H D Basavaraj, the then legislator, had raised the matter in the Assembly on May 16, 1998. The Forest minister had said a Corps of Detectives (CoD) probe would be ordered.
Now, the Assurance Committee wants categorical replies from the government to all the questions raised in the Assembly, regarding the encroachment. IFS officers R Sridharan, Principal Secretary, M Nagaraj Hampole, Secretary, and A K Varma, Principal Chief Conservator of Forests, among others, had appeared before the panel on September 18.
Long battle
The Daisy Jacob case, popularly known as the Kopatti case, is one of the longest legal battles being fought by the Forest department.
In 1990, Jacob purchased 151.03 acres of land in survey numbers 1/1, 1/19 and 1/23 at Kopatti. Forest officials argue that this was allowed despite the property being part of the Patti Ghat reserve forest since 1904, as per the Coorg gazette notification.
She also faces charges of felling an additional 63 full-grown trees illegally, while she had permission to fell only 237 trees. As late as in 2000, the department realised that she had felled 230 trees, the value of which was put at Rs 1,77,63,172.
While the Tree Officer refused to permit the felling of trees, the Tree Authority gave the go-ahead. Strikingly, the Deputy Director of Land Records, Mangalore, had reported that the applicant had also encroached upon 38.50 acres in survey no. 1/15 and axed almost all 25,000 trees in order to cultivate rubber from them.
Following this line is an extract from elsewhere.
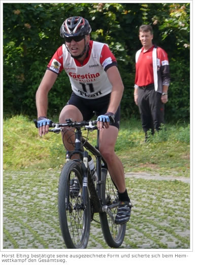 In der Herrenklasse gingen gleich fünf Fahrer aus unseren Reihen an den Start. Horst Elting sicherte sich mit einer fehlerfreien Schießeinlage den 3. Platz. Ralf Markert fuhr auf den 6. Platz vor Tino Haßmüller (Platz 9), Martin Weber (Platz 18) und Marco Haßmüller (Platz 19).

The department has filed a case in the Bhagamandala police station. She has been asked to pay a fine of Rs 1,57,61,919. A civil suit was filed against her in April 1999.
Probe
The government had referred the Kopatti case to the Yellappa Reddy Commission for a probe. The Commission examined the area surveyed by the Survey of India, and found her to be in excess possession of 23.69 acres.
The government had also asked the CoD to probe the scam. The investigating agency filed a ‘B’ report (no case) in 2003, which has been challenged by the Range Forest Officer of Bhagamandala.
This was opposed by her in the High Court in 2003. The court, while dismissing the petition in 2009, allowed the case to be continued in the JMFC court of Madikeri. Except one, she won all the cases against the department. She has sought permanent prohibitory injunction against the government from entering her land.
Now, the department is in the process of making an all out effort to retrieve the land which is worth crores of rupees. An acre of land in Kodagu costs not less than Rs 25 lakh, officials explained, to point out the sc ale of money involved.
The department filed two appeals in the High Court in 2011 and both have come up for hearing only once. Now, the department is keen to get the appeals heard by the Green Bench.